■ **WHAT YOU SHOULD DO**: Output a character-exact copy of the data, images removed.

■ **MATERIAL TO PROCESS**:
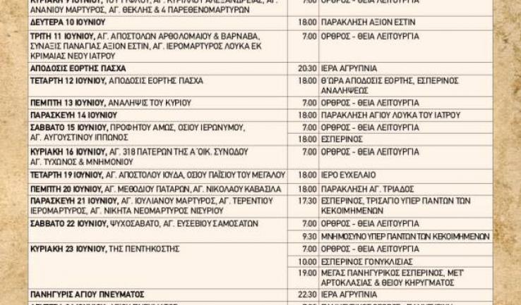 Πρόγραμμα ακολουθιών Ιουνίου 2023 ενορίας Αγ. Τριάδας Πετρ.
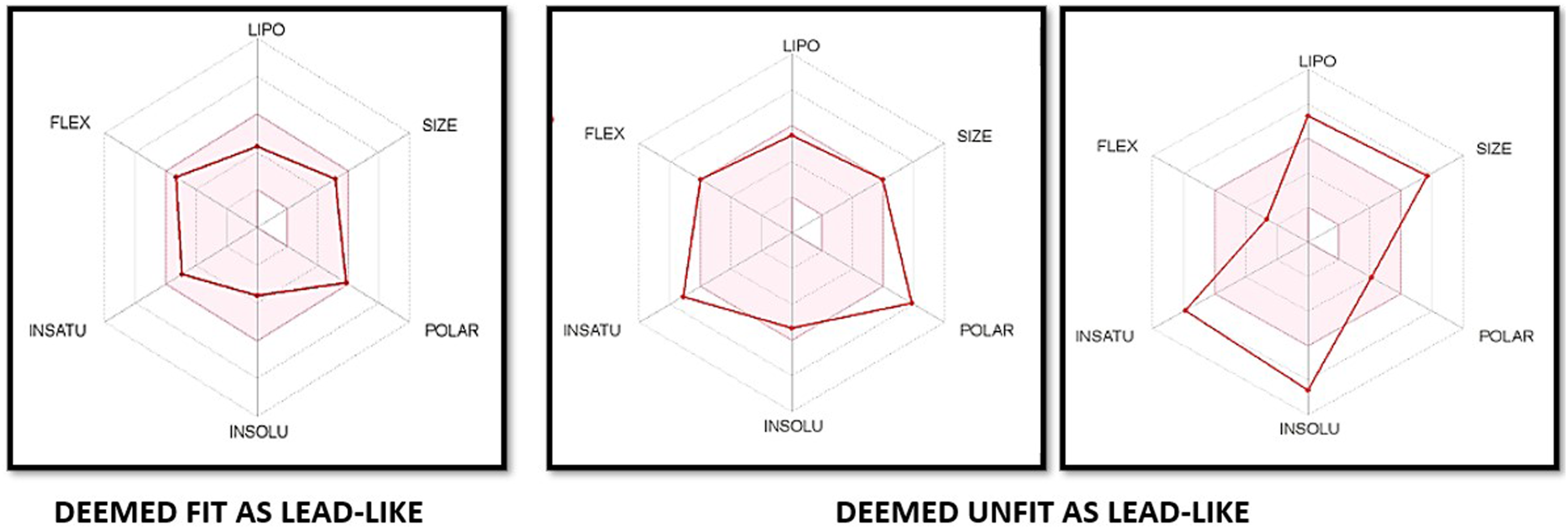 To identify the molecules most likely to be safe and druggable, each of the initial 100 molecules was subjected to an evaluation of its pharmacokinetic and drug-like properties, including the bioavailability profile, Log P value, ability to breach the BBB, GI absorption and ability of P-gp to eliminate the substance from the cranial environment. Of these 100 molecules, 30 were found to have physicochemical properties falling within the pink area of the bioavailability radar in Figure 1 — i.e. within a suitable physicochemical space for oral bioavailability. The pink area represents the optimal range for each property, namely: — lipophilicity (LIPO): a XLOGP3 value of between −0.7 and +5.0; — size (SIZE): a molecular weight (MW) of between 150 and 500 g/mol; — polarity (POLAR): a total polar surface area (TPSA) of between 20 and 130 Å2; — solubility (INSOLU): a log S value not higher than 6; — saturation (INSATU): the fraction of sp3 hybridised carbons not less than 0.25; and — flexibility (FLEX): no more than 9 rotatable bonds.
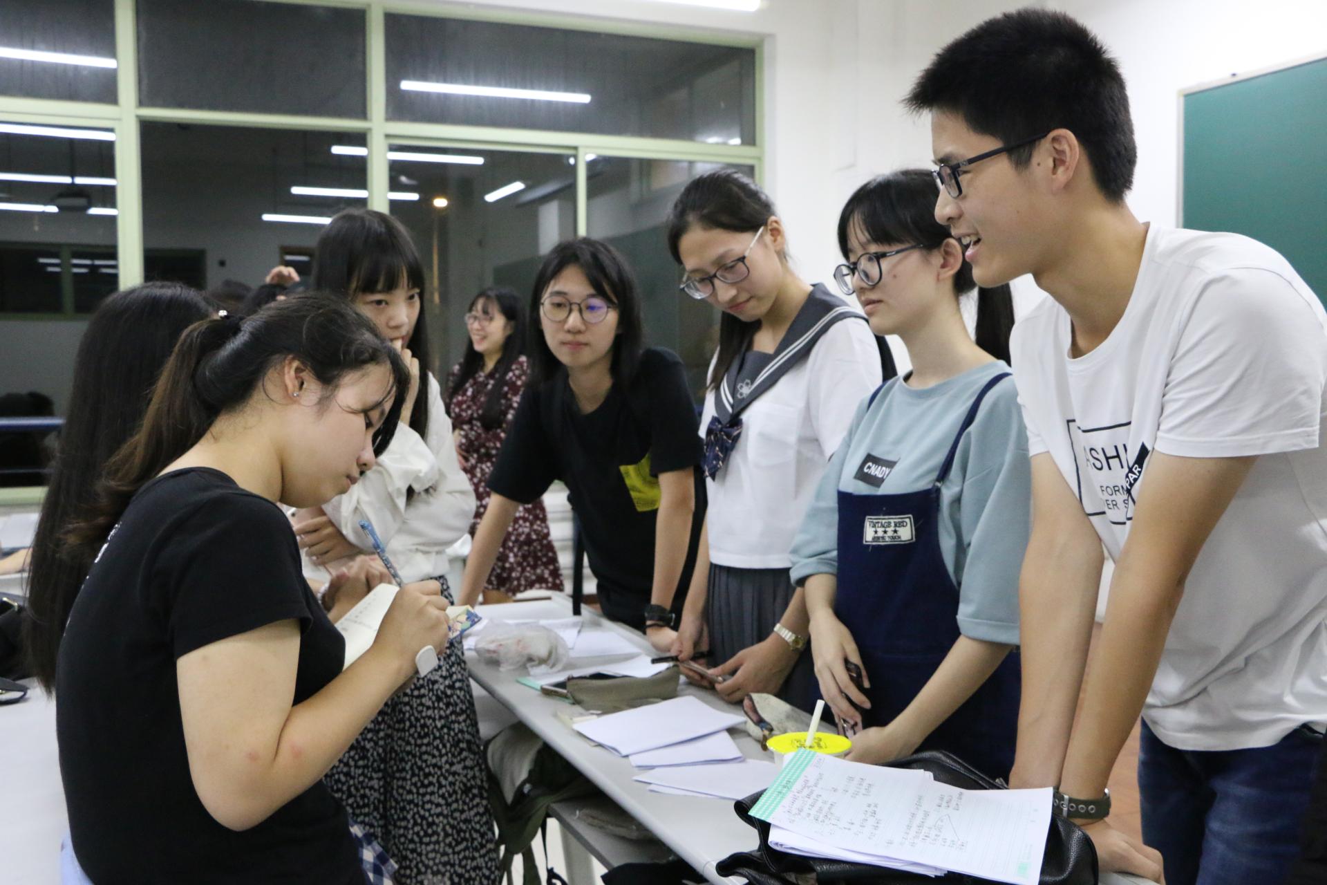 团委学生会招新工作顺利开展。经过各部门宣传和介绍之后,每个16级新生都跃跃欲试,招新现场十分火爆和热闹。在面试点外等待的同学都在积极准备,体现了他们对学生工作的向往和热情。
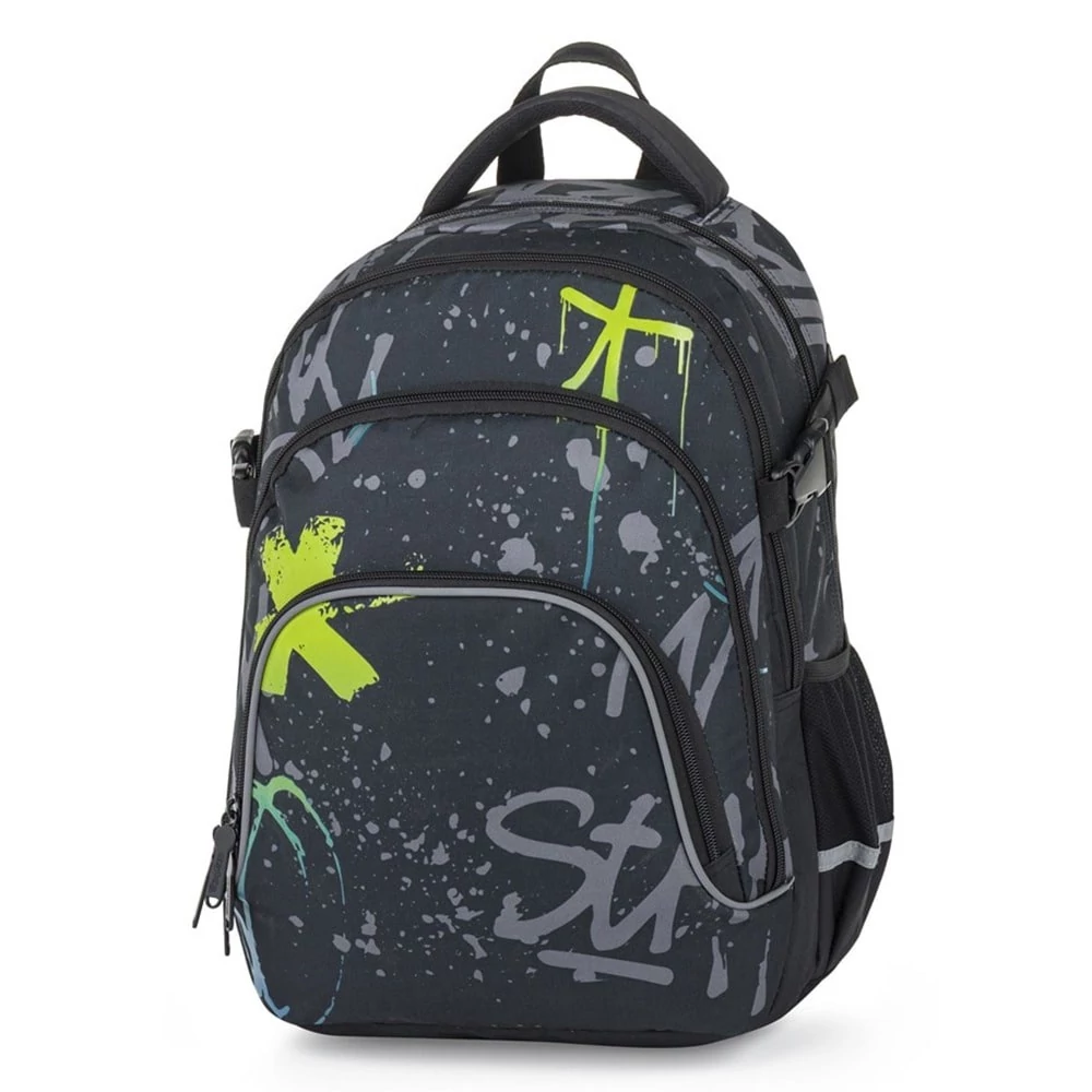 Az OXY Scooler hátizsák ideális választás 3. osztálytól azoknak, akiknek minden fontos dolognak helyet kell találniuk. A háromrekeszes kialakítás bőséges teret kínál tankönyveknek, füzeteknek és uzsonnának. Beépített rendszerező, belső zseb és laptoprekesz is található benne. Az oldalzseb tökéletes kulacsnak, a kulcs- vagy chip-tartó pedig megkímél a keresgéléstől. Az anatómiailag formázott, légáteresztő hátrész, az állítható vállpántok és a mellkaspánt hosszabb viselésnél is kényelmet biztosítanak. A megerősített, vízálló alj védi a tartalmat a nedvességtől, a fényvisszaverő elemek pedig növelik a biztonságot. Űrtartalom: 28 l, teherbírás: 8 kg.
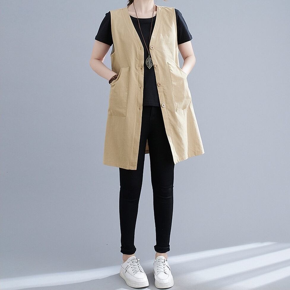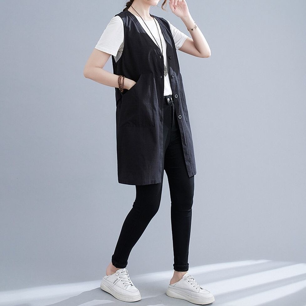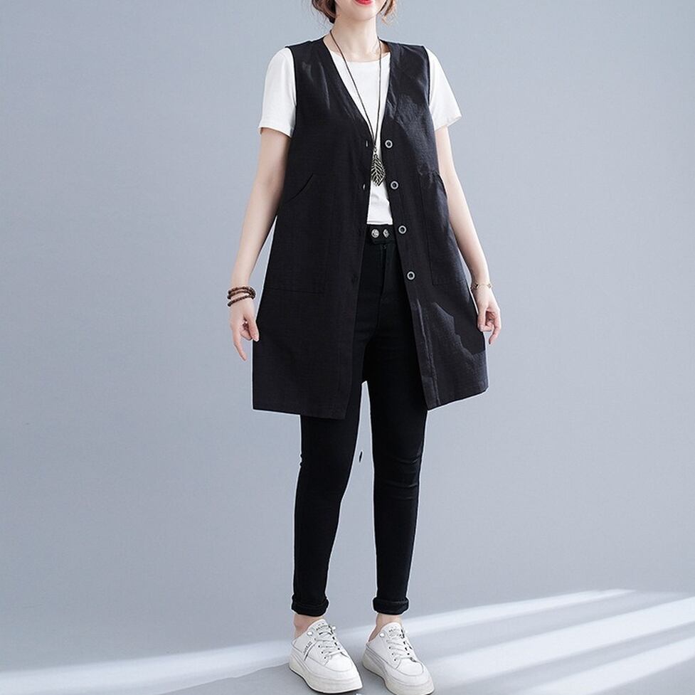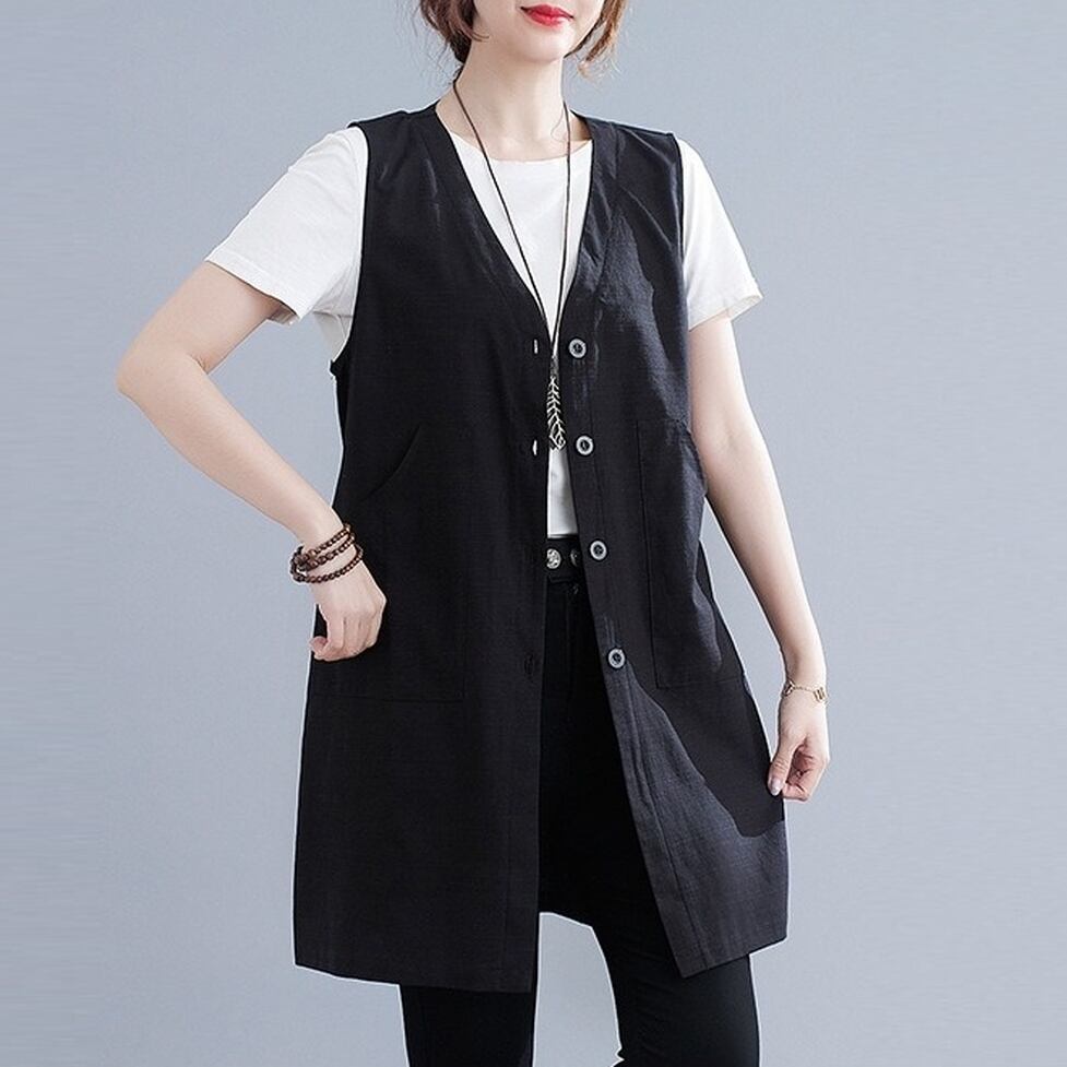 ジャケットのように装えてより涼しく過ごせる上品なジレ。気楽さ重視のアイテム選びでもきちんと引き締まった見た目は保ちたい。ノーカラーデザインはきりっと引き締まるシャープなネックラインを形成

■ **SOLUTION FOR THIS EXERCISE**:
 Πρόγραμμα ακολουθιών Ιουνίου 2023 ενορίας Αγ. Τριάδας Πετρ.
 To identify the molecules most likely to be safe and druggable, each of the initial 100 molecules was subjected to an evaluation of its pharmacokinetic and drug-like properties, including the bioavailability profile, Log P value, ability to breach the BBB, GI absorption and ability of P-gp to eliminate the substance from the cranial environment. Of these 100 molecules, 30 were found to have physicochemical properties falling within the pink area of the bioavailability radar in Figure 1 — i.e. within a suitable physicochemical space for oral bioavailability. The pink area represents the optimal range for each property, namely: — lipophilicity (LIPO): a XLOGP3 value of between −0.7 and +5.0; — size (SIZE): a molecular weight (MW) of between 150 and 500 g/mol; — polarity (POLAR): a total polar surface area (TPSA) of between 20 and 130 Å2; — solubility (INSOLU): a log S value not higher than 6; — saturation (INSATU): the fraction of sp3 hybridised carbons not less than 0.25; and — flexibility (FLEX): no more than 9 rotatable bonds.
 团委学生会招新工作顺利开展。经过各部门宣传和介绍之后,每个16级新生都跃跃欲试,招新现场十分火爆和热闹。在面试点外等待的同学都在积极准备,体现了他们对学生工作的向往和热情。
 Az OXY Scooler hátizsák ideális választás 3. osztálytól azoknak, akiknek minden fontos dolognak helyet kell találniuk. A háromrekeszes kialakítás bőséges teret kínál tankönyveknek, füzeteknek és uzsonnának. Beépített rendszerező, belső zseb és laptoprekesz is található benne. Az oldalzseb tökéletes kulacsnak, a kulcs- vagy chip-tartó pedig megkímél a keresgéléstől. Az anatómiailag formázott, légáteresztő hátrész, az állítható vállpántok és a mellkaspánt hosszabb viselésnél is kényelmet biztosítanak. A megerősített, vízálló alj védi a tartalmat a nedvességtől, a fényvisszaverő elemek pedig növelik a biztonságot. Űrtartalom: 28 l, teherbírás: 8 kg.
 ジャケットのように装えてより涼しく過ごせる上品なジレ。気楽さ重視のアイテム選びでもきちんと引き締まった見た目は保ちたい。ノーカラーデザインはきりっと引き締まるシャープなネックラインを形成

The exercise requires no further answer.